In recent months, several Google rivals, including OpenAI, have adapted their artificial intelligence chatbots to discuss politically sensitive topics, while Google appears to be taking a more conservative approach. When asked to answer certain political questions, Google's artificial intelligence chatbot "Gemini" often said it "can't help answer questions about elections and politicians right now."
Other chatbots, including Anthropic’s Claude, Meta’s MetaAI, and OpenAI’s ChatGPT, have also been answering the same question.
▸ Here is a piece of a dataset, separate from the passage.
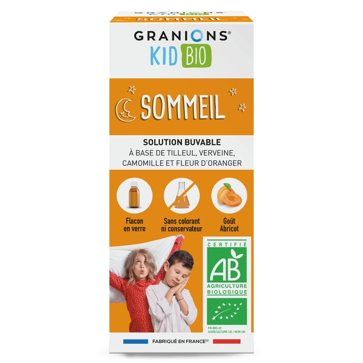 : Promotes relaxation and natural, restorative sleep. Do not exceed the recommended daily dose. Keep out of reach of young children. This product is not a substitute for a varied and balanced diet and a healthy lifestyle. Best before the date indicated on the bottom of the box. Keep out of reach of young children. It is recommended to consume this supplement as part of a varied and balanced diet and a healthy lifestyle. Do not exceed the recommended dose. Use during pregnancy is not recommended (contains verbena). Distributed by: EA PHARMA ZAC du Font de l'Orme 1198 avenue Maurice Donat 06250 MOUGINS – France DIRECTIONS FOR USE: Before age 5: 2 teaspoons after dinner. - After age 5: 3 teaspoons after dinner. Use for 8 days or occasionally, repeating if necessary. This product is also suitable for adults over 15 years of age. COMPOSITION 3 teaspoons (15 ml): Agave syrup . 4.07 g (Agave tequilana) Orange blossom water . 325.5 mg Linden extract . 276.7 mg (Tilia platyphyllos) Chamomile extract . 162.75 mg (Matricaria chamomilla) Verbena extract . 162.75 mg (Verbena officinalis) California poppy extract . 162.75 mg (Eschscholzia californica) Passionflower extract . 81.4 mg (Passiflora incarnata) Ingredients from organic farming Ingredients: Water, agave syrup (Agave tequilana) , hydroglycerin plant extracts : linden (Tilia platyphyllos) , chamomile (Matricaria chamomilla) - verbena (Verbena officinalis) - California poppy (Eschscholzia californica) - passionflower (Passiflora incarnata) , orange blossom water , natural apricot flavor, acidity regulators: citric acid - ascorbic acid, thickener: xanthan gum, natural rosemary flavor. Instructions for use: Before age 5: 2 teaspoons after dinner. - After age 5: 3 teaspoons after dinner. Take as an 8-day course or as needed, repeating if necessary. This product is also suitable for adults over 15 years of age. Safety Warning: This food supplement should be used as part of a healthy lifestyle and not as a substitute for a varied and balanced diet. Do not exceed the recommended daily dose. Keep out of reach of young children. In general, pregnant and breastfeeding women are advised to consult a healthcare professional before taking any supplements. See moreLEADING FRENCH PHARMACY BRAND: Laboratoire des GRANIONS, experts in trace element therapy since 1948. Complete range of high-quality French food supplements, developed by our experts. EXCLUSIVE LABELS: Organic, no added sugar (contains naturally occurring sugars), no artificial colors or preservatives, no artificial flavors, vegan, gluten-free, made in France. EASY TO TAKE: From 3 to 5 years: 2 teaspoons after dinner. After 5 years: 3 teaspoons after dinner. For an 8-day course or as needed. Repeat if necessary. CHILDREN LOVE: The delicious natural apricot flavor of Granions Kid Organic Sleep Syrup is very popular with children and makes it easy to take. CERTIFIED ORGANIC ACTIVE INGREDIENTS: This food supplement is produced according to organic farming methods. It is made with certified organic premium quality agave syrup. PROMOTES CHILDREN'S SLEEP: Linden reduces stress, and verbena promotes sleep. Chamomile and passionflower calm nervousness. Eschscholzia promotes relationships.Description du produit Favorise la relaxation et un sommeil naturel et réparateur. Ne pas dépasser la dose journalière recommandée Tenir hors de portée des jeunes enfants Ne se substitue pas à un régime alimentaire varié et équilibré ainsi qu'a un mode de vie sain A consommer de préférence avant la date indiquée sous l'étui. Tenir hors de portée des jeunes enfants. Il est conseillé de consommer ce complément dans le cadre d'une alimentation variée et équilibrée et d'un mode de vie sain. Ne pas dépasser la dose recommandée. L'emploi chez les femmes enceintes est déconseillé (verveine). Distribué par : EA PHARMA ZAC du Font de l'Orme 1198 avenue Maurice Donat 06250 MOUGINS – France CONSEILS D'UTILISATION : Avant 5 ans : 2 cuillères à café après le dîner. - Après 5 ans : 3 cuillères à café après le dîner. En programme de 8 jours ou ponctuellement, à renouveler si nécessaire. Ce produit peut également convenir à l'adulte de plus de 15 ans. COMPOSITION 3 cuillères à café (15 ml) : Sirop d'agave . 4,07 g (Agave tequilana) Eau de fleur d'oranger . 325,5 mg Extrait de tilleul . 276,7 mg (Tilia platyphyllos) Extrait de camomille . 162,75 mg (Matricaria chamomilla) Extrait de verveine . 162,75 mg (Verbena officinalis) Extrait d'eschscholtzia . 162,75 mg (Eschscholzia californica) Extrait de passiflore . 81,4 mg (Passiflora incarnata) Ingrédients issus de l'agriculture biologique Ingrédients INGRÉDIENTS : Eau, sirop d'agave (Agave tequilana) , extraits hydroglycérinés de plantes : tilleul (Tilia platyphyllos) , camomille (Matricaria chamomilla) - verveine (Verbena officinalis) - eschscholtzia (Eschscholzia californica) - passiflore (Passiflora incarnata) , eau de fleur d'oranger , arôme naturel d'abricot, correcteurs d'acidité : acide citrique - acide ascorbique, épaississant : gomme de xanthane, arôme naturel de romarin P.when('A').execute(function(A) { A.on('a:expander:toggle_description:toggle:collapse', function(data) { window.scroll(0, data.expander. expander[0].offsetTop-100) }) }) Mode d'emploi Avant 5 ans : 2 cuillères à café après le dîner. - Après 5 ans : 3 cuillères à café après le dîner. En programme de 8 jours ou ponctuellement, à renouveler si nécessaire. Ce produit peut également convenir à l'adulte de plus de 15 ans. Avertissement De Sûreté Ce complément alimentaire doit être utilisé dans le cadre d'un mode de vie sain et ne pas être utilisé comme substitut d'un régime alimentaire varié et équilibré. Ne pas dépasser la dose journalière recommandée. Tenir hors de la portée des jeunes enfants. De manière générale, il est recommandé d'inviter les femmes enceintes et allaitantes à prendre l'attache d'un professionnel de santé avan

Google announced in March 2024 that Gemini would not answer election-related queries, ahead of several elections in the United States, India and other countries. Many AI companies have adopted similar temporary restrictions, fearing a backlash if their chatbots go wrong.
But now, Google is starting to look like an anomaly. Last year's election has passed, but Google has yet to publicly announce plans to change how Gemini handles certain political topics. A Google spokesperson declined to answer TechCrunch's questions about whether Google has updated its Gemini political speech policy.
What is clear is that Gemini sometimes strives or outright refuses to provide factual political information. As of Monday morning, Gemini had expressed reluctance when asked to identify the current U.S. president and vice president.
At one point Gemini referred to Donald J. Trump as the "former president" and then refused to answer clarifying follow-up questions. A Google spokesperson said the chatbot was confused by Trump's discontinuous language and that Google was working to correct the error.
"The large language model sometimes responds with outdated information or is confused by people who are both former and current," a spokesperson said via email. "We are working on this."
Late Monday, Gemini began answering questions correctly about Donald Trump and J.D. Vance being the current president and vice president of the United States, respectively. However, the chatbot's responses were inconsistent, and it occasionally refused to answer questions.
Bugs aside, Google appears to be on the safe side by limiting Gemini’s responses to political queries. But this approach also has drawbacks.
Many of Trump's Silicon Valley AI advisers, including Marc Andreessen, David Sacks and Elon Musk, have claimed that companies including Google and OpenAI engage in AI censorship by limiting the answers their AI chatbots can answer.
After Trump won the election, many artificial intelligence labs tried to strike a balance in answering sensitive political questions, programming chatbots so that their answers could present "both sides" of the debate. The labs deny this is due to government pressure.
OpenAI recently announced that it would embrace "intellectual freedom ... no matter how challenging or controversial a topic may be" and work to ensure that its artificial intelligence models do not censor certain views. Meanwhile, Anthropic said its latest artificial intelligence model, Claude 3.7 Sonnet, refused to answer questions less often than the company's previous models, in part because it was able to make more granular distinctions between harmful and harmless answers.
That’s not to say that chatbots from other AI labs always answer tough questions correctly, especially tough political questions. But Google's Gemini seems to be lagging behind.